- [Instructions to follow]: Images should be omitted while the rest of the data is duplicated exactly.

- [Dataset section]:

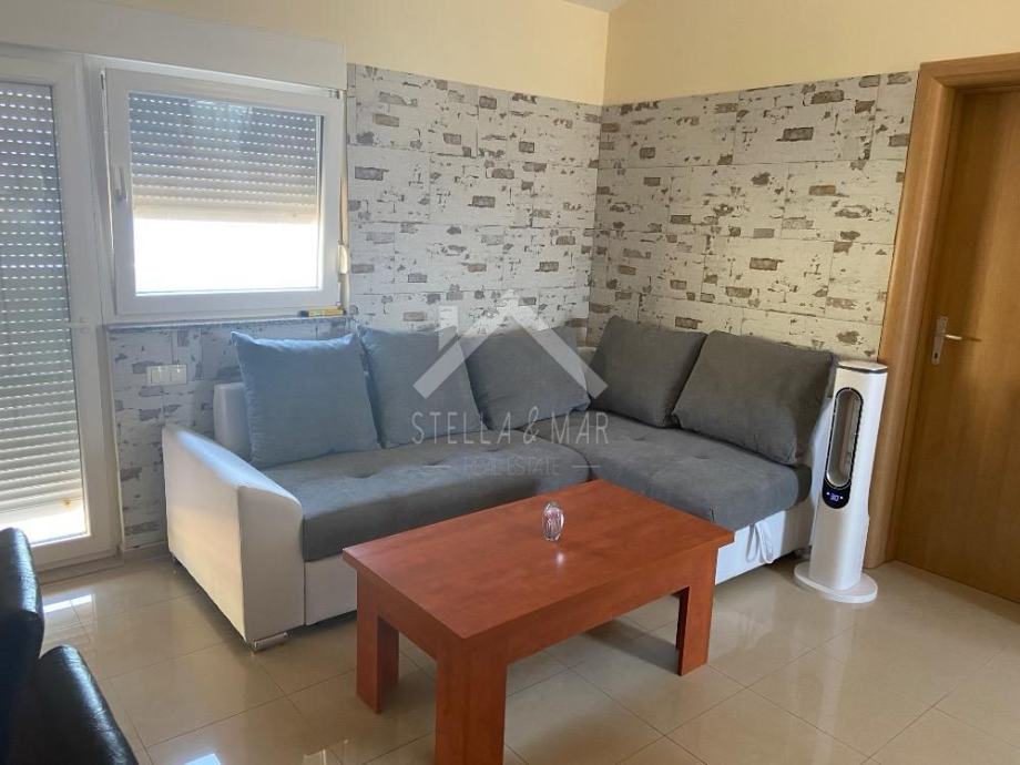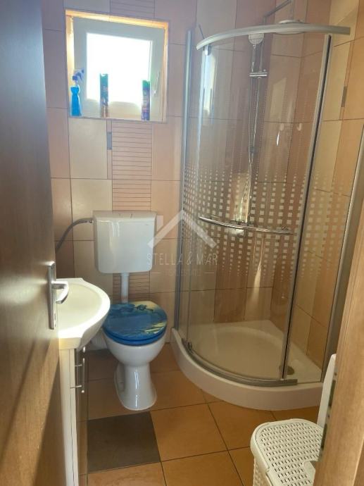 Apartman je površine cca 75m2 i raspolaže sa dnevnim boravkom, kuhinjom, dvije spavaće sobe, kupaonom i prostranom terasom sa koje se pruža predivan pogled na more. Udaljenost do mora je cca 150m.
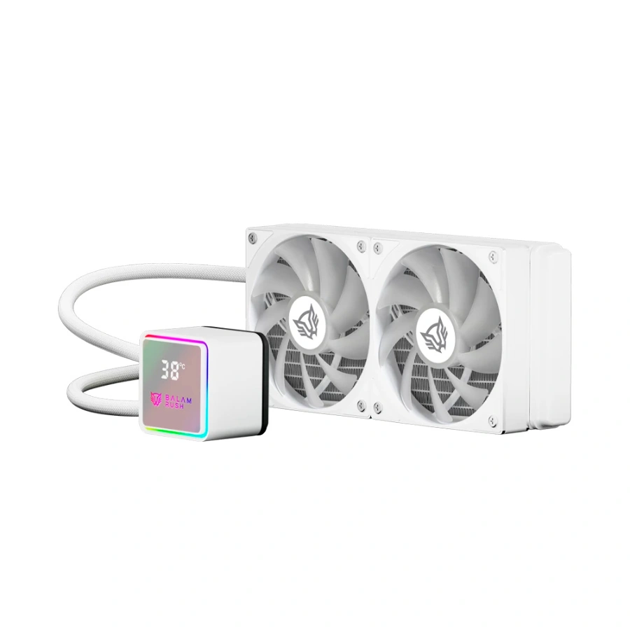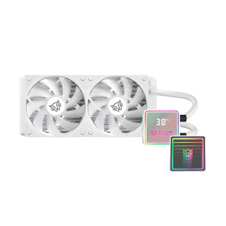 Enfriamiento Liquido AIO BALAM RUSH Cryo Prism 240 Black – 240mm, 2x120mm, Hasta 1800 RPM, 67.5 CFM, 26.9 dBA, 4pin 12V, 3pin 5V – Blanco
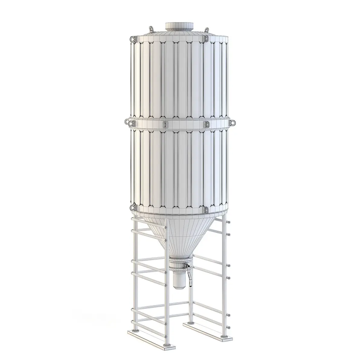 Tall blue factory liquid container.

- [Exercise solution]:
 Apartman je površine cca 75m2 i raspolaže sa dnevnim boravkom, kuhinjom, dvije spavaće sobe, kupaonom i prostranom terasom sa koje se pruža predivan pogled na more. Udaljenost do mora je cca 150m.
 Enfriamiento Liquido AIO BALAM RUSH Cryo Prism 240 Black – 240mm, 2x120mm, Hasta 1800 RPM, 67.5 CFM, 26.9 dBA, 4pin 12V, 3pin 5V – Blanco
 Tall blue factory liquid container.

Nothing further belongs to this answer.